Axumin-based PET/CT scans and detection of recurrent prostate cancer


A new report from a relatively small, single-institution study has provided additional information about the utility of [18F]fluciclovine (Axumin) PET/CT scans in the detection of recurrent prostate cancer after definitive first-line treatment.

The paper by Armstrong et al. from the Huntsman Cancer Institute in Salt Lake City looked at the rates of success in detecting recurrent prostate cancer at specific PSA levels through the use of [18F]fluciclovine PET/CT scans (see also this report in Renal & Urology News). The basic finding was that:

The probability of having positive imaging findings and increasing numbers of suspicious lesions rises with increasing PSA. Utilization of a lower PSA threshold of 0.5 [ng/ml] may allow earlier intervention with salvage therapies in biochemical recurrence. However, using a threshold below 1 [ng/ml]carries a higher risk of negative scans. Employing a higher PSA threshold of 1 to 2 [ng/ml] carries greater sensitivity and specificity and may maximize identifying individuals with early [biochemical recurrence] who may benefit from early intervention, while minimizing negative scans.

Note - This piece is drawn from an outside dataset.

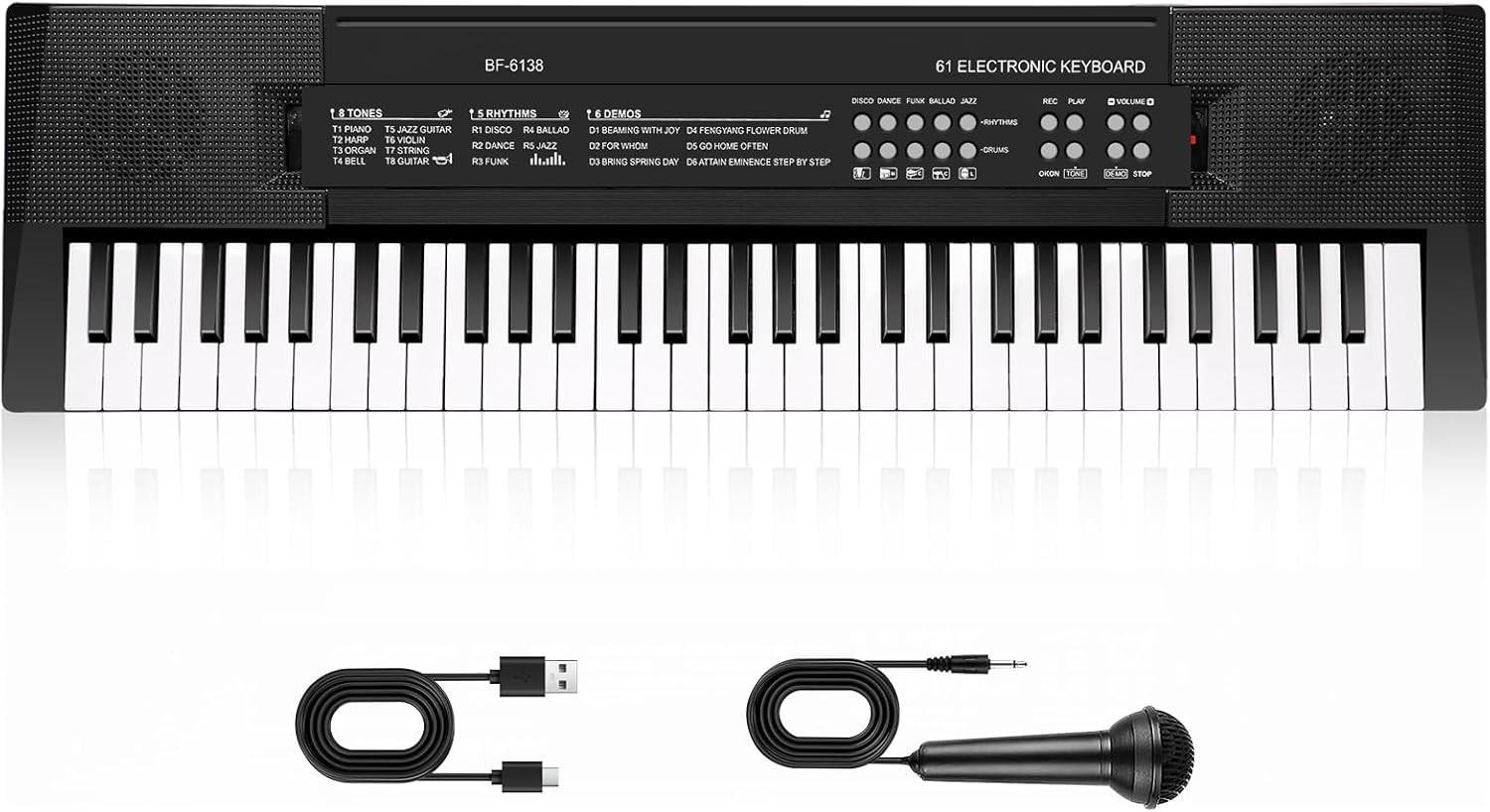 61-Key Keyboard Piano for Kids, Music Keyboard with Microphone, Portable Electronic Teaching Piano Toy Gift for Beginners Boys Girls Ages 3-12, Built-In Speakers and Many Premium Voices

The study evaluated data from 115 men who were given [18F]fluciclovine PET/CT scans.

Among these 115 men:

  • 25 men (21.7 percent) had no concerning lesions.
  • 32 men (27.8 percent) had a single lesion.
  • 45 men (39.1 percent) had 2 to 5 lesions
  • 13 men (11.3%) had > 5 suspicious lesions.

When specific PSA thresholds were considered, lesions were detected in

  • 12/22 men (55.5 percent) with a PSA level of < 0.5 ng/ml
  • 24/34 men (70.6 percent) with a PSA level of 0.5 to 2.0 ng/ml
  • 54/59 men with a PSA level of > 2.0 ng/ml

These data seem to suggest that a PSA level of 1.5 ng/ml or thereabouts might be a reasonable threshold at which an [18F]fluciclovine PET/CT scan could be expected to identify a recurrent prostate cancer lesion after first-line therapy with a high degree of accuracy.

There is no information provided about the rates of false positive or false negative scan results in this paper. However, the report in Renal & Urology News does note that, again out of the 115 men given an [18F]fluciclovine PET/CT scan:

79 had undergone a prior computed tomography scan and 94 had undergone bone scans, with negative findings in the majority of them.

Clearly this type of scan can produce more and earlier actionable clinical data than the traditional types of scan for detection of disease recurrence. We are still waiting to see whether the gallium-67 PSMA-based scans can offer even more accurate data.

 

2 Responses

  1. The point isn’t to find most positive scans. The point is to detect recurrence at very low PSA values at recurrence after primary treatment.

  2. Dear Finn:

    With respect, surely the objective is to identify recurrences as early as possible with a high degree of accuracy, regardless of the number of positive lesions in an individual patient. False negative and false positive scan results are therefore a potential problem.